Veteran ska band Madness has announced a trio of outdoor UK concerts set to take place in the summer of 2025. The performances will follow a string of well-received outdoor shows earlier this year and will see the band perform at unique venues in Bedfordshire, Kent, and Essex.
The first concert, titled Madness at the Manor, is scheduled for 13 July at Tofte Manor in Bedfordshire. Billed as an intimate performance at a historic venue, the band told of their excitement about playing the venue through their promoter’s Instagram, saying: “We didn’t think there were any houses, county estates or fields we hadn’t played at”.
The band will go on to perform at Dreamland in Margate on 2 August as part of the Margate Summer Series and at Castle Park, Colchester, on 23 August as part of the Colchester Castle Summer Series. Tickets for Margate and Colchester will go on general sale at 9am on 29 November here. Pre-sale tickets for the Tofte Manor show will be available at 12pm on 29 November here, with any remaining tickets offered in a general sale on 2 December at 12pm.

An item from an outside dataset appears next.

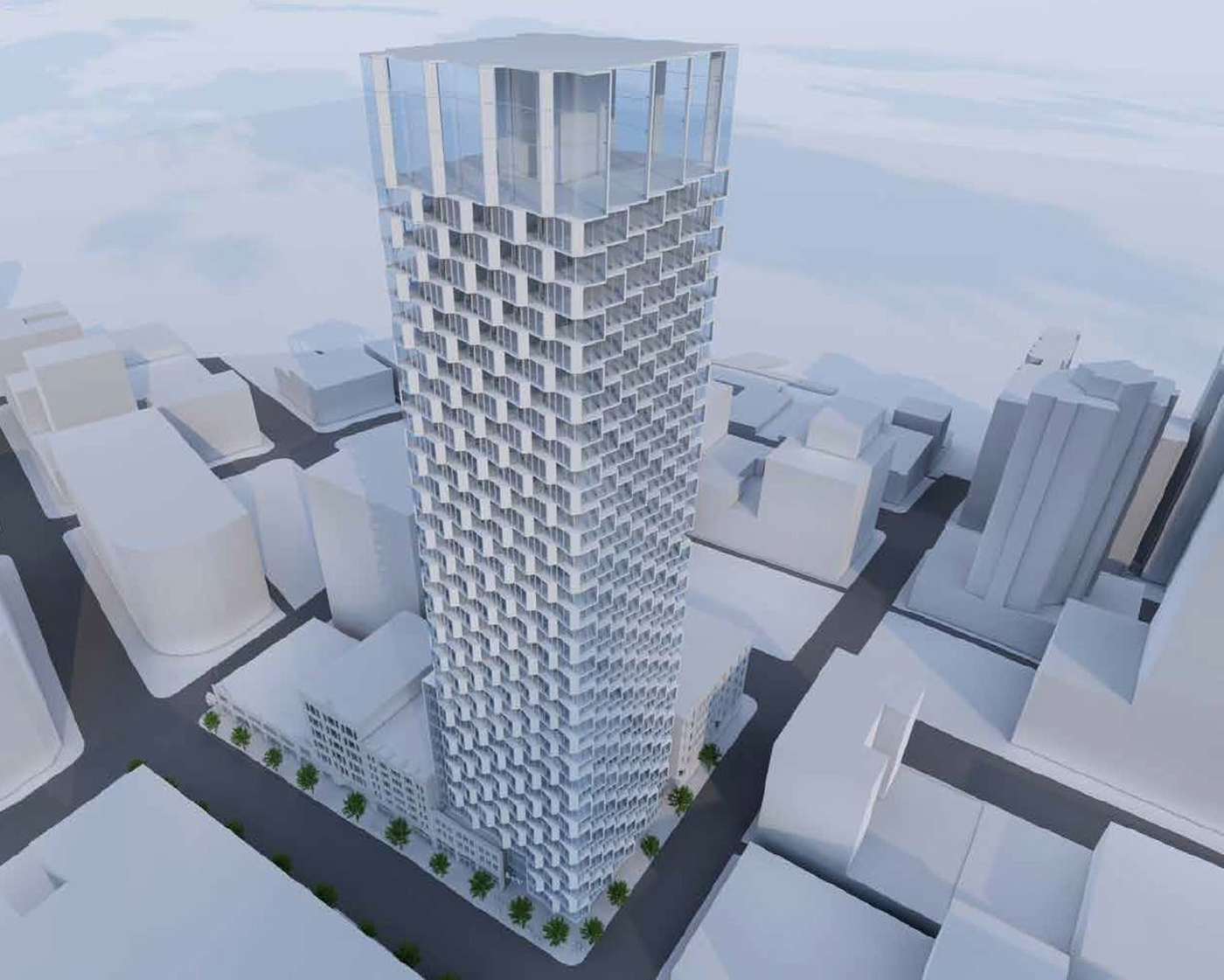 The 384-foot tower would have offices, apartments and 850 square feet of ground-floor retail on the corner. Four levels of underground parking for 104 vehicles would be accessed from the alley to the west.

Outdoor summer shows have become a specialty of the band in recent years, with highlights from the past year including stops at Cardiff Castle, Galway Airport, and Scarborough Open Air Theatre. This year also marked a significant milestone for the band, as their 13th studio album, Theatre Of The Absurd Presents C’est La Vie, became their first to reach number one on the UK Official Albums Chart. An enhanced edition of the album was released in June.
Retropop magazine praised the album, saying “its lead single and title song harks back to the ska sound that popularised the band some 40-odd years ago while perfectly capturing the essence of Madness in its examination of the perils of everyday life”, and noting that the release was the band’s “most pop-oriented in years”.
Emerging from the two-tone craze of the late 70s and early 80s, the Camden Town ensemble rose to fame with their urban British spin given to Caribbean rock-steady and early ska. Early hits like ‘One Step Beyond’ and ‘Nightboat to Cairo’ show the band in their element covering or borrowing heavily from these genres’ classics, and propelled the band to be London’s answer to the burgeoning Coventry ska and two-tone scene, alongside the likes of Bad Manners. The band later pivoted to a more pop-based sound into the 1980s but never drifted far from their themes of working class London life, delivered with trademark humour and a taste for pastiche.